* **Data records**
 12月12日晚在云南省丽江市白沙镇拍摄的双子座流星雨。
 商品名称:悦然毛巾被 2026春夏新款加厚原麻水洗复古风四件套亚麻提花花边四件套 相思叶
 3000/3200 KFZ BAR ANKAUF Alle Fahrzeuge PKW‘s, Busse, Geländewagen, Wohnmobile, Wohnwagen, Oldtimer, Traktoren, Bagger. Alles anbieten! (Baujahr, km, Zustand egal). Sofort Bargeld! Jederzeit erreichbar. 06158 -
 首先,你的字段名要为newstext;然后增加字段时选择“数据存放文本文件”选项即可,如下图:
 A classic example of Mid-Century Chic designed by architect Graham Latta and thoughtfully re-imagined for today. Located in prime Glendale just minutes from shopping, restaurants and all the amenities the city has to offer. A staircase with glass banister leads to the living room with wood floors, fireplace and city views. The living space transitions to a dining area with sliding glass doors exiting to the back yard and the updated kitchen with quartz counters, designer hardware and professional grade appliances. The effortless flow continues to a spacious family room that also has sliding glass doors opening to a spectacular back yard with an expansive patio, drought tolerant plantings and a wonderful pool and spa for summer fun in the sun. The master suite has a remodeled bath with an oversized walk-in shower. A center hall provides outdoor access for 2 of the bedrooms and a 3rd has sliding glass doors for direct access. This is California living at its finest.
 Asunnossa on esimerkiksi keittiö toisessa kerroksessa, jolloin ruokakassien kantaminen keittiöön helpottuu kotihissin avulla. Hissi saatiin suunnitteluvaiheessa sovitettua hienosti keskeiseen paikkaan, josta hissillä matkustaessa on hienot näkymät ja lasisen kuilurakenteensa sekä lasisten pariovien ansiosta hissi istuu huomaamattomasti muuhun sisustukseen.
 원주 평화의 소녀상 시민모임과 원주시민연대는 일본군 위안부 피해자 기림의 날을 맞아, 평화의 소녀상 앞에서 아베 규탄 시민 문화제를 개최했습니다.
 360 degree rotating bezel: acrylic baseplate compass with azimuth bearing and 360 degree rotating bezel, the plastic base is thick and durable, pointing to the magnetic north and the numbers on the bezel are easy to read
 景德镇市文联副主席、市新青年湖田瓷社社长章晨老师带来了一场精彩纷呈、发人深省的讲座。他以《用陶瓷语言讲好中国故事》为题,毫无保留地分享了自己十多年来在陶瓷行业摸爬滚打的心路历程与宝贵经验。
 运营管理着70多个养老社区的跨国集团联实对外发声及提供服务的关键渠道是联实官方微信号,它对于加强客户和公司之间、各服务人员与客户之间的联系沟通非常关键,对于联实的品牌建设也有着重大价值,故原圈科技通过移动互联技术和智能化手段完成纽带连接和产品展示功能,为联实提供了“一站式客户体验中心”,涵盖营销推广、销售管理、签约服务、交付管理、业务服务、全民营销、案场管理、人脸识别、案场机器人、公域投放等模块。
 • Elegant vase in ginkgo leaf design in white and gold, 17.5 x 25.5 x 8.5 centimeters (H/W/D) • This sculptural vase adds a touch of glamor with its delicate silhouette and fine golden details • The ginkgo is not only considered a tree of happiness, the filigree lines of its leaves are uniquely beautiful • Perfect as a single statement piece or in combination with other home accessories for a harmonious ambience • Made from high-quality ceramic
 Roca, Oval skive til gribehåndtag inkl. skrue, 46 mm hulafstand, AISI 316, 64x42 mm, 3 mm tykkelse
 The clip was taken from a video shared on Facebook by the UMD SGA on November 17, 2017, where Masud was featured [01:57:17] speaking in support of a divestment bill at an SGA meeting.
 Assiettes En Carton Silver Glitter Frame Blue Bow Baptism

* **Work instruction**
Set down, word for word, only the lines running from the line with "Roca, Oval skive" to the last line of the listing above. Both of those lines belong in your answer.

* **Finished exercise**
 Roca, Oval skive til gribehåndtag inkl. skrue, 46 mm hulafstand, AISI 316, 64x42 mm, 3 mm tykkelse
 The clip was taken from a video shared on Facebook by the UMD SGA on November 17, 2017, where Masud was featured [01:57:17] speaking in support of a divestment bill at an SGA meeting.
 Assiettes En Carton Silver Glitter Frame Blue Bow Baptism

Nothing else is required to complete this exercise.